## Instructions to follow:
Any images in the records should be skipped; transcribe the rest exactly.

## Source data:
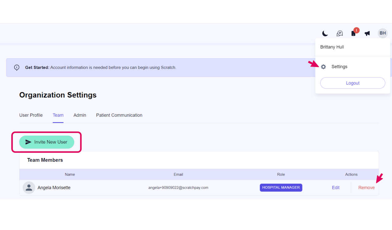Navigate to the Settings area located in the top right of your Scratch Dashboard. Add a new user by clicking the Add New User button. Delete a user by clicking the Remove button next to that email.
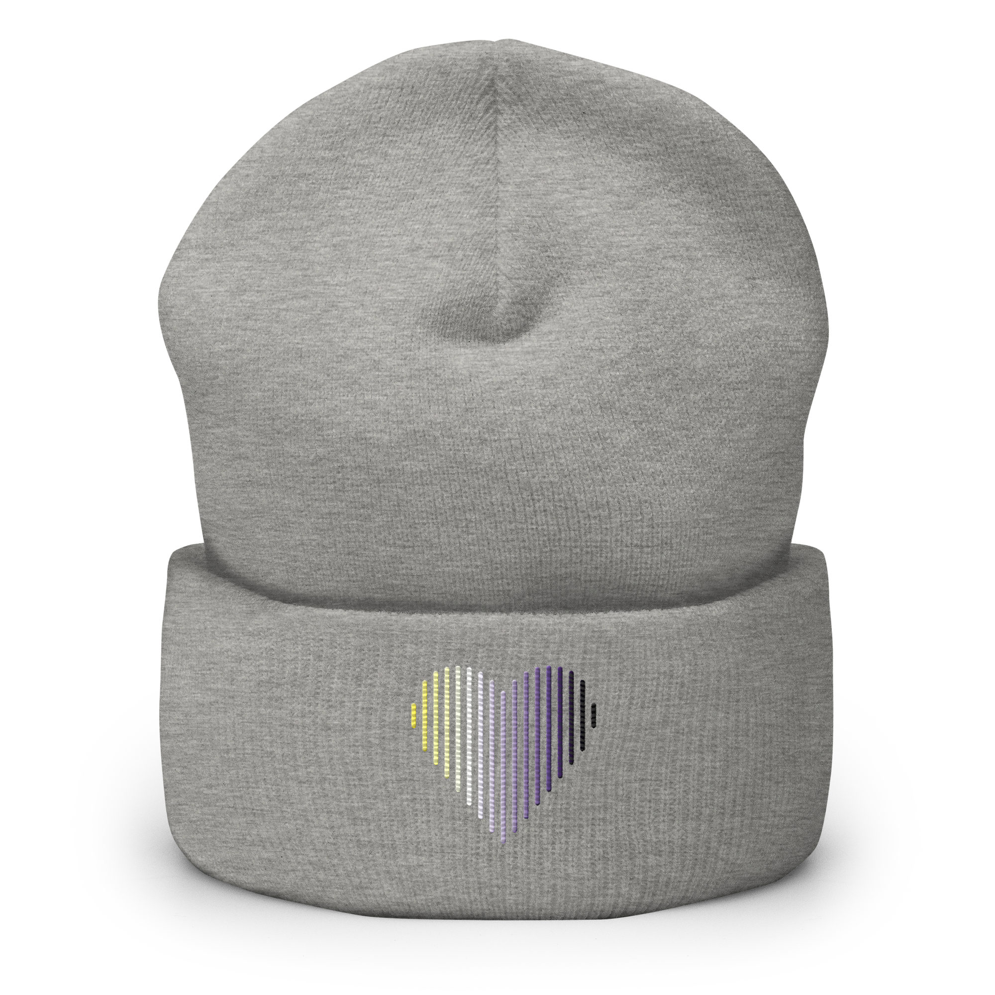 Nonbinary Heart Lines Beanie: Embroidered Pride Gradient Hat
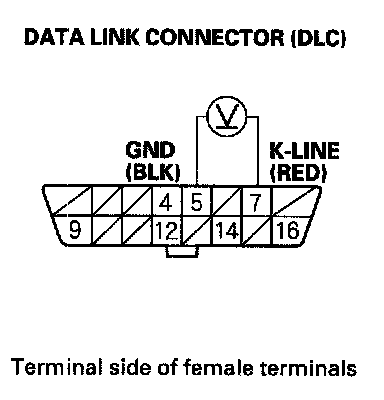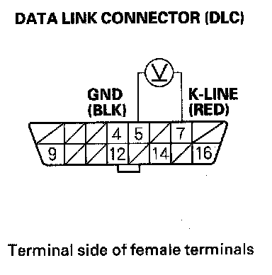 3. Measure voltage between DLC terminals No. 5 and No. 16.
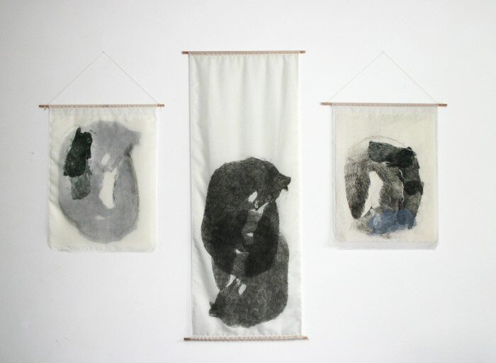 “The metamorphoses I have experienced throughout my creative career, both personally and artistically continue to be sources of fascination that inform my work. The cycles of repetition, flux and reincarnation that occur while I am producing prints are factors that resonate with me conceptually and begin conversations. By transforming the surface and implementing other experimental methods, I am able to build upon these dialogues while giving impetus to new projects. The veil-like qualities and regenerative elements of printed materials define my process of conceptualization; materials and media are used to solidify personal spiritual reflection and experiences.”
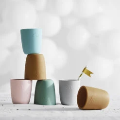 Le mini mug en silicone est conçu pour donner aux tout-petits une prise ferme, lorsqu’ils pratiquent leur habileté à boire.

## Output for this task:
Navigate to the Settings area located in the top right of your Scratch Dashboard. Add a new user by clicking the Add New User button. Delete a user by clicking the Remove button next to that email.
 Nonbinary Heart Lines Beanie: Embroidered Pride Gradient Hat
 3. Measure voltage between DLC terminals No. 5 and No. 16.
 “The metamorphoses I have experienced throughout my creative career, both personally and artistically continue to be sources of fascination that inform my work. The cycles of repetition, flux and reincarnation that occur while I am producing prints are factors that resonate with me conceptually and begin conversations. By transforming the surface and implementing other experimental methods, I am able to build upon these dialogues while giving impetus to new projects. The veil-like qualities and regenerative elements of printed materials define my process of conceptualization; materials and media are used to solidify personal spiritual reflection and experiences.”
 Le mini mug en silicone est conçu pour donner aux tout-petits une prise ferme, lorsqu’ils pratiquent leur habileté à boire.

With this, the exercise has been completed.